**What you will do**
Look through the entries below and say how many lines contain the string "this". Give the number only.

**Information provided**
○ ○ ○ ○ ○

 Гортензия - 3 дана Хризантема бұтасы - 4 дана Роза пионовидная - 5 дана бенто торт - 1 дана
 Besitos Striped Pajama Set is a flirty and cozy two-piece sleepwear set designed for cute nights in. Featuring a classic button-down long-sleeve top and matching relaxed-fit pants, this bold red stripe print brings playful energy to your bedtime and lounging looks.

○ ○ ○ ○ ○

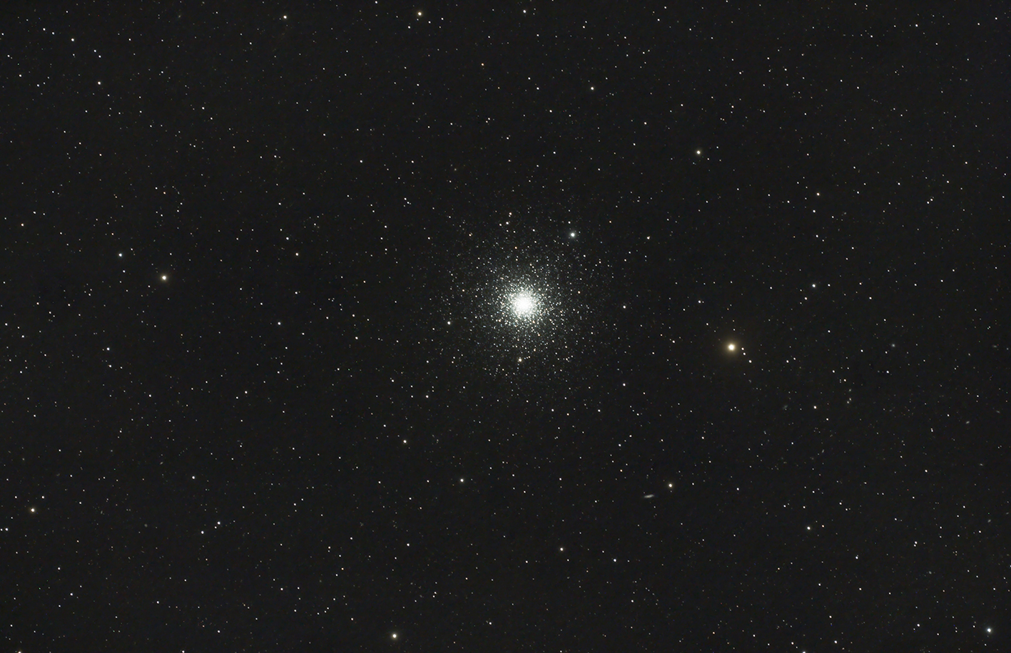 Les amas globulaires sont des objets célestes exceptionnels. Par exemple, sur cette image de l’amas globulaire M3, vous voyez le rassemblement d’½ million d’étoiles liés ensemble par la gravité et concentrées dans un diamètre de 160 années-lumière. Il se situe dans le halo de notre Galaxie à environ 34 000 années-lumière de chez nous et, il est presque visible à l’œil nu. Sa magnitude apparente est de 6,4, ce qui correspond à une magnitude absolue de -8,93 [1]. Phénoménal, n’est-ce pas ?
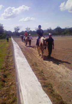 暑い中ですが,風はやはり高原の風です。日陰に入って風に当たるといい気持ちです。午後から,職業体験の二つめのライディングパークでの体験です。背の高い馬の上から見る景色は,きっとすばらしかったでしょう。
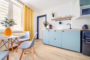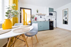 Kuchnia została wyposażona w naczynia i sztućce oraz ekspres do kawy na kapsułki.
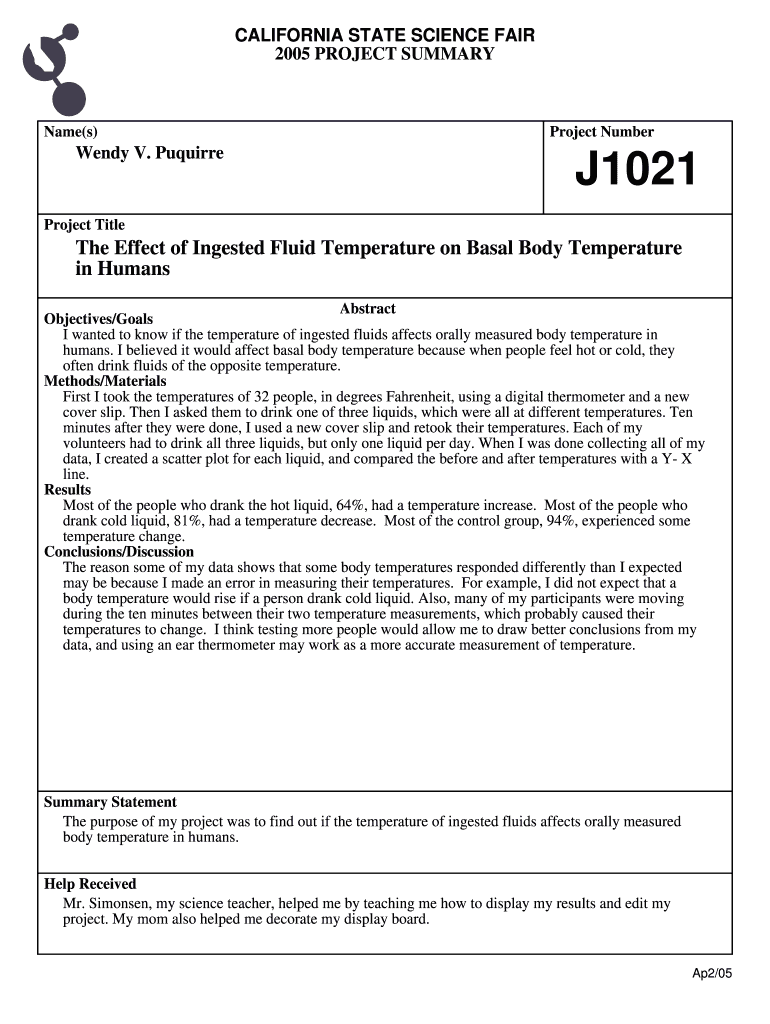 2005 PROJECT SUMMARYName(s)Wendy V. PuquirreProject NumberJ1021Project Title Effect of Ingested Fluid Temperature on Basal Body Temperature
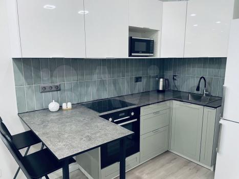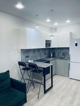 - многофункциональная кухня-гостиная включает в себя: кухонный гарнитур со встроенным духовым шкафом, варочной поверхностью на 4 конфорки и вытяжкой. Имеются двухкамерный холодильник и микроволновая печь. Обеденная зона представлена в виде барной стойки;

○ ○ ○ ○ ○

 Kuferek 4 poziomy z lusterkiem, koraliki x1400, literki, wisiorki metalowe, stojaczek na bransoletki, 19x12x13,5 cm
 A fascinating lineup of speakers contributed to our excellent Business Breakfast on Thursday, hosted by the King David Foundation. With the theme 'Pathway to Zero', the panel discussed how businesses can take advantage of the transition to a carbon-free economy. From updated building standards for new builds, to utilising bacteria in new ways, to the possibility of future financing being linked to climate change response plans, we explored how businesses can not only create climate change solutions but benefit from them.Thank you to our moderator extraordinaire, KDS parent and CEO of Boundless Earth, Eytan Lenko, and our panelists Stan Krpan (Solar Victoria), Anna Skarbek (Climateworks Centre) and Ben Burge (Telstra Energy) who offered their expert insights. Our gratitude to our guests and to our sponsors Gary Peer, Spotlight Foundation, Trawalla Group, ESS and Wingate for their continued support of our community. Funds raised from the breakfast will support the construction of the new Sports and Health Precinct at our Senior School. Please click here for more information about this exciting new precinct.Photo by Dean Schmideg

○ ○ ○ ○ ○

**Reply**
2